Confissão Picante: Sexo Devorador na Limusine dos Champs-Élysées

Era uma tarde linda de primavera. Dia de folga. Flanava pelas Champs-Élysées. Turistas babando na ‘mais bela avenida do mundo’. Parisienses odeiam. Eu amo. Magia no ar. Perto do antigo Virgin, bum! Um ombro forte me acerta. Dor aguda. Viro-me. Um árabe clássico. Disdasha branca, keffiyeh xadrez. Gordo, bigode grosso, óculos escuros dourados, relógio de ouro no pulso. Olhar meu o obriga a falar. ‘Desculpe, madame, não a vi.’ Agora só me vê. Loira, peituda, uns quilos a mais, olhos azuis. Sucesso com machos do Oriente Médio. ‘Cuidado da próxima! Me machucou!’ ‘Para me redimir, champanhe? Café ou minha limusine?’ Aponta o monstro preto, vidros fumê. Chauffeur ao volante, dedo no nariz. ‘Na sua carro.’ Entro. Couro negro, madeira fina. Isolados do mundo. Ele entra. Fecha porta. Silêncio total. Fome de rua some. Pega microfone. Fala árabe. Carro desliza suave. Champs subindo. ‘Tour por Paris.’ Abre champanhe. Enche taças. ‘Onde doeu?’ ‘Aqui, na anca.’ Mostro. ‘E torci o tornozelo com salto.’ Bebo. Mão dele na coxa, sobre vestido curto preto. Passamos Étoile. Avenue Kléber. ‘Seu massagem alivia. Continua. Interior da coxa dói.’ Mão sob vestido. Pele nua. Coxa macia. Levanta saia. Vê calcinha rendada transparente. Minha buceta epilada. Olha sem pudor. Eu me entrego. Bebo. Admiro Torre Eiffel pelo teto de vidro. Bacia avança. Ofereço visão íntima. Ele sobe. Monte de Vênus. Coração acelera. Pele queima. ‘Dói aqui. Veja se tem roxo. Tire calcinha se preciso.’ Cabeça dele no meu sexo. Dedo grosso entre lábios. Procura clitóris. Tremeço. Derrubo champanhe nas pernas. Ele ri. ‘Não desperdice.’ Mergulha rosto. Joelho no chão. Fico no limite do banco. Pernas escancaradas. Boca devora. Aspira lábios. Língua no clitóris. Enfia no cu. Mãos firmes. Sexo colado na cara dele. Renhos loucos. Orgasmos explode. Corpo mole. Pernas abertas. Olhar perdido.

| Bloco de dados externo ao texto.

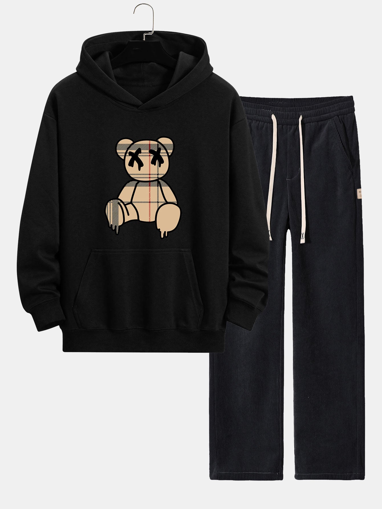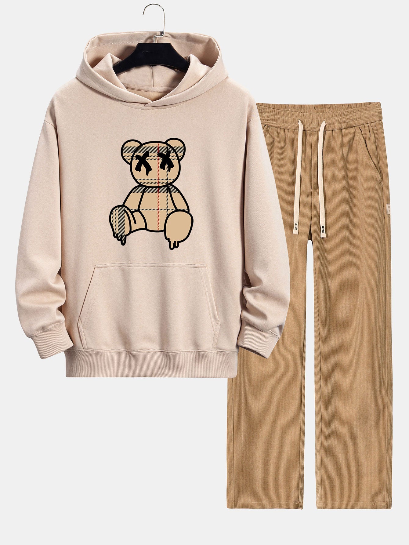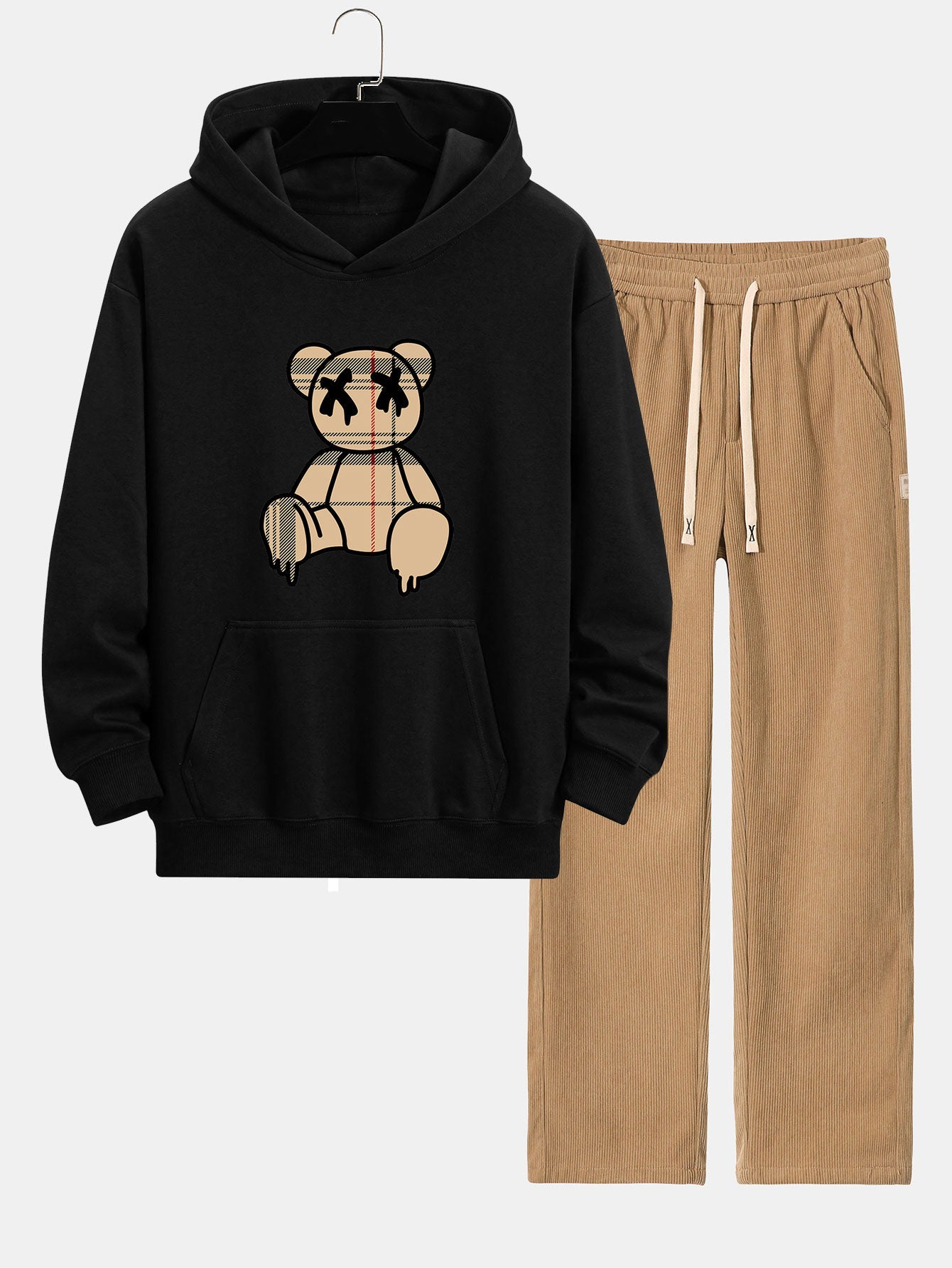 Plaid Dissolving Bear Print Relax Fit Hoodie & Straight Leg Corduroy Pants
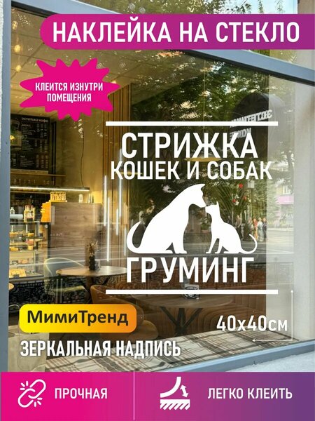 У нас вы можете купить зеркальную пленку наклейка на окно "стрижка собак и кошек груминг". Размер 40 х 40 см. Пленка предназначена как для наружного, так и внутреннего применения! Накладная графика придаст вашему бизнесу современный и профессиональный вид. Стикеры на витрину легко наносятся и снимаются, не оставляя следов. Видеоинструкция легко поможет вам наклеить! Можно наклеить при в ходе в кабинет косметолога или салон красоты, наклеить на улице. Высокое качество немецкой пленки ПВХ позволяет клеить стикер на любую поверхность. Наклейке можно придумать и другое применение. Держится в течение длительного срока. Просто наклеить, легко снять. Стикер держится долго и не боится влаги, пыли и грязи. Подойдет для вашего бизнеса, салона, кабинета! Инструкция: 1. Очистите поверхность от грязи и пыли. 2. Проведите по поверхности наклейки ракелем или обычной пластиковой банковской картой так наклейка нучше перейдет на поверхность! (на наклейку нанесена прозрачная монтажная пленка- она предназначена для переноса наклейки на поверхность). 3. Подверните с обратной стороны белую бумажную подложку на 3-4 см. и прислоните этой частью к поверхности. 4. Постепенно снимайте сзади бумажную белую подложку, и паралельно с лица проводите ракелем или картой по лицу наклейки. 5. После удалилите под острым углом с наклейки прозрачную монтажную пленку! Она нужна только для переноса наклейки!

Ele se senta. Rosto vermelho. Mais champanhe. Panthéon ao lado. Não paro. Mão na coxa dele. Olhos nos olhos. Levanta disdasha. Pica dura, grossa. Pego. Dura como ferro. Babo. ‘Chupa!’ Obedeço faminta. Quatro patas. Cu pro vidro. Engulo voraz. Bolas na boca. Lamo glande. Engasgo na grossura. Baba escorre. Lambe antes de sujar couro. Beijos no pau. Língua no meato. Ele geme. Pega peitos balançantes. Aperta bruto. Pica mamilos. Dor excita. Sinto gozo dele. Paro. Sento nele. Guio pica na buceta. Fundo. Arranco vestido. Só salto e joias. Chego cavalgando. Ele agarra quadris. Vai e vem. Para. Respira. Enterra na tetas. Lambe. Morde. Mama. Paris rola: Bastille, République, Opéra. Farol vermelho. Cabeças espiam. Imagino verem. Excitação explode. Gozo de novo. Ele segura. Levanta-me. Força bruta. Pica ainda rígida. Mais grossa.

A Febre

Segunda gozada me quebra. Boneca dele. Quatro patas. Cabeça no vidro. Place Vendôme. Ele atrás. Farol. Glans no cu. Empurra. Grito rasga. Dor infernal. Gente cruza rua. Veem? Cu estica. Entra lento. Carro arranca. Rue de Rivoli. Dor pura. Masturbo clitóris frenética. Relaxo. Ele afunda todo. Pelos nas nádegas. Bomba rápido. Gritos de prazer. Concorde. Champs de volta. Goza gutural. Meu terceiro orgasmo. Sai. Desabamos. Suor. Respiração pesada. Último champanhe. Visto vestido. Ele se ajeita. Enfia maço de notas na bolsa. Ignoro. Porta abre. Saio. Deixo calcinha no chão. Sol cega. Frente ao Virgin. Limusine some na multidão. Pele ainda arde. Coração martela. Vivi o proibido.